As regards learned CIT(A)’s contention that money advanced to M/s. Sapphire Land Development Pvt. Ltd. is not supported by the MOU it has been claimed that there was fire in the office premises of HDIL (HDIL towers) in which entire records, data documents were burnt/destroyed. In this regard learned counsel placed reliance upon the decision of Hon'ble Bombay High Court decision in the case of Pr.CIT, Panjaji Vs. Milroc Good Earth Property & Developers LLP (93 Taxmann.com 484). Learned counsel placed reliance on several other decisions in this regard.
Per contra, learned Departmental Representative submitted that the assessee is making a self serving statement without any documentation. The 4 M/s. Bidco Studs Pvt. Ltd.

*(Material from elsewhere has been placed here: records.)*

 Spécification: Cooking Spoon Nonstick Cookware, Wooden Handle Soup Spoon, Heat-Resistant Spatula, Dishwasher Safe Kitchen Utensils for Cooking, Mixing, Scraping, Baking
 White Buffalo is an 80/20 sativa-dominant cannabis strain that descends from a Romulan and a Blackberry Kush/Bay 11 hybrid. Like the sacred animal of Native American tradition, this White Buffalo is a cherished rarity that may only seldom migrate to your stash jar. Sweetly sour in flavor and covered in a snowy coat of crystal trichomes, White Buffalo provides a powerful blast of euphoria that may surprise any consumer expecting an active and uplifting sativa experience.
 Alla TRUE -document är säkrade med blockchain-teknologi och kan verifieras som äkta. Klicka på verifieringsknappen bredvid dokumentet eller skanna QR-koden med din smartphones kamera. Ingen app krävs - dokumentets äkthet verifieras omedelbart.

assessee has diverted the loan taken to M/s. Sapphire Land Development Pvt. Limited. Without any income or any corresponding receipt, it is claiming expenses of Rs. 1,37,08,728/- as expenses, which is not at all permissible.

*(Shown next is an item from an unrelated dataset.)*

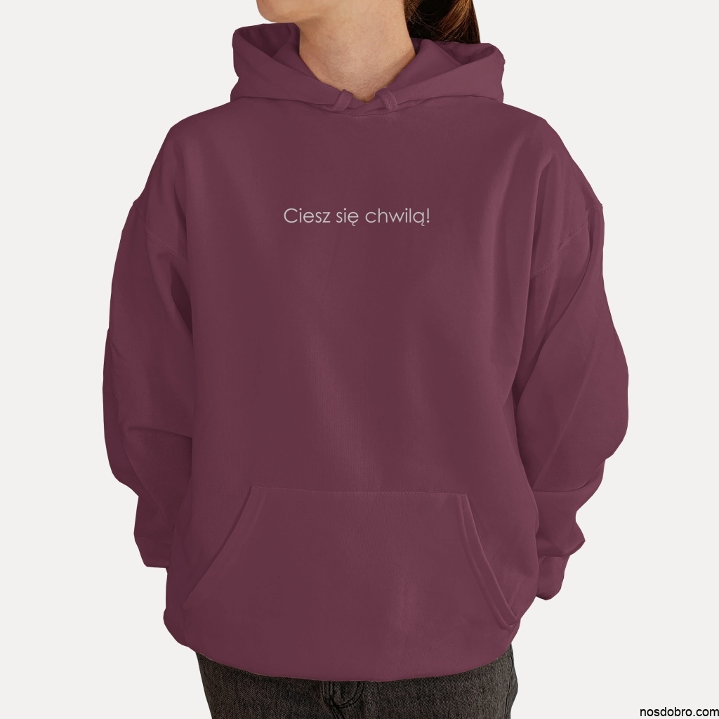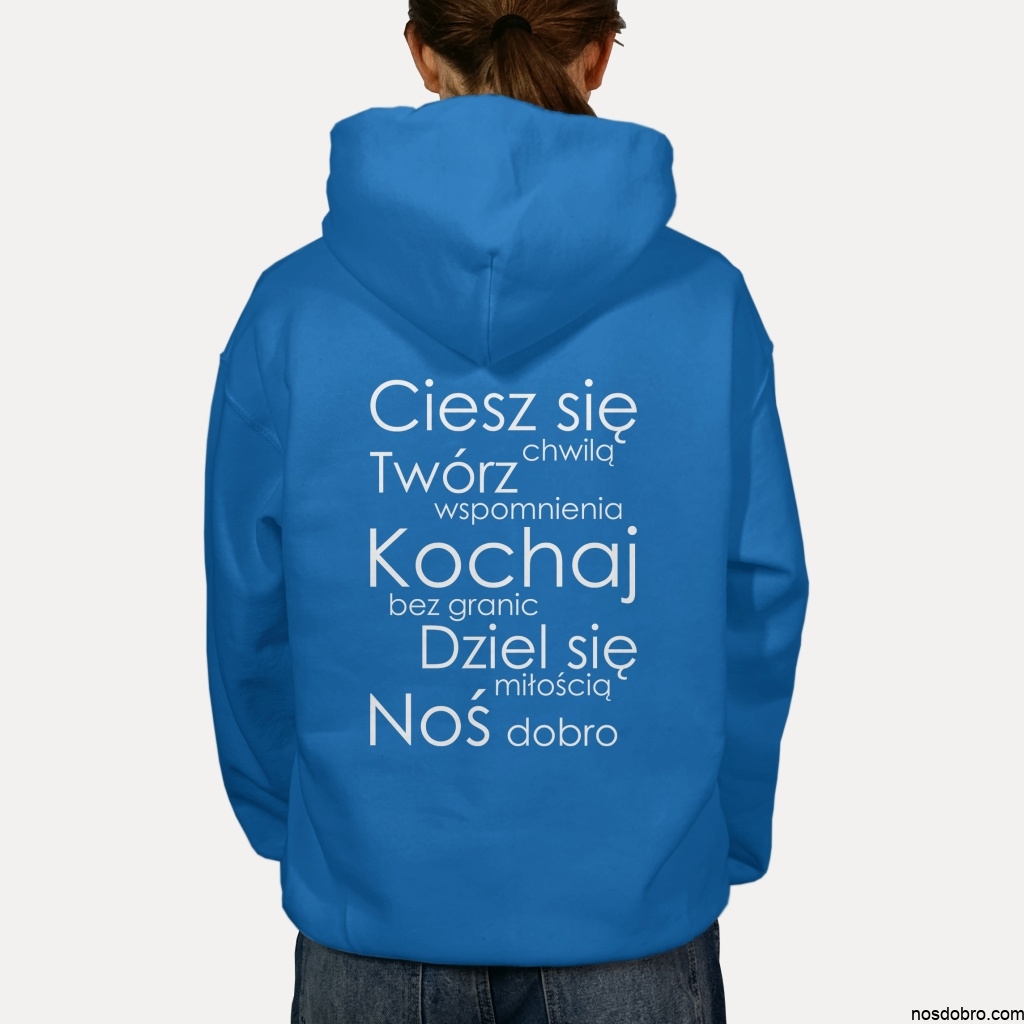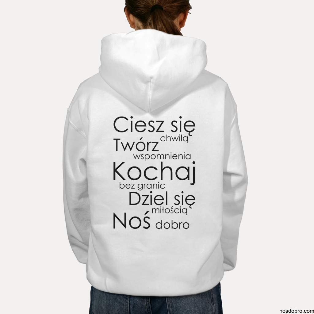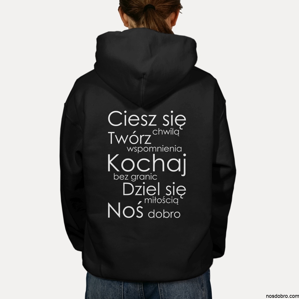 Bluza oversize z kapturem Ciesz się chwilą • Twórz wspomnienia • Kochaj bez granic • Dziel się miłością • Noś dobro to manifest pozytywnego życia zamknięty w wygodnym, codziennym ubraniu. Miękka, komfortowa i uniwersalna – otuli Cię ciepłem i przypomni o tym, co w życiu naprawdę ważne. Idealna dla tych, którzy chcą nie tylko dobrze wyglądać, ale też inspirować innych.

Upon careful consideration, I note that as pointed out by learned CIT(A) the assessee’s submissions are self serving statement. There is no documentation to support that advances of Rs. 30 crores given to M/s. Sapphire Land Development Pvt. Ltd. was part of consideration for purchase of TDR. The assessee has given a story that documents got destroyed in fire in HDIL. It was also similarly pleaded before the ITAT in assessee’s own case in earlier. This conduct of the assessee shows that the assessee is in habit of not showing documents on a plea of its documents having got burnt in its group company HDIL Tower. In assessee’s own case in earlier year also the Tribunal has remitted the matter on the ground that no document was shown on the plea that documents were got burnt in fire. In my considered opinion assessee has no documents and the claim is that the same have got burnt in a fire. Assessee’s claim is not bonafide. Facts of the case clearly indicate that the assessee has diverted funds for no benefit. In this view of the matter I do not find any cogency in the order of learned CIT(A). The case laws relied upon are not at all applicable on the facts of the case. In this case it is amply clear that the HDIL group company has diverted funds to other HDIL group company without any benefit and has incurred interest expenditure which cannot be allowed as business expenditure. In this view of the matter, I do not find any infirmity in the orders of the authorities below. Accordingly, I uphold the same.
In the result, this appeal filed by the assessee stands dismissed. Order has been pronounced in the Court on 09.10.2019.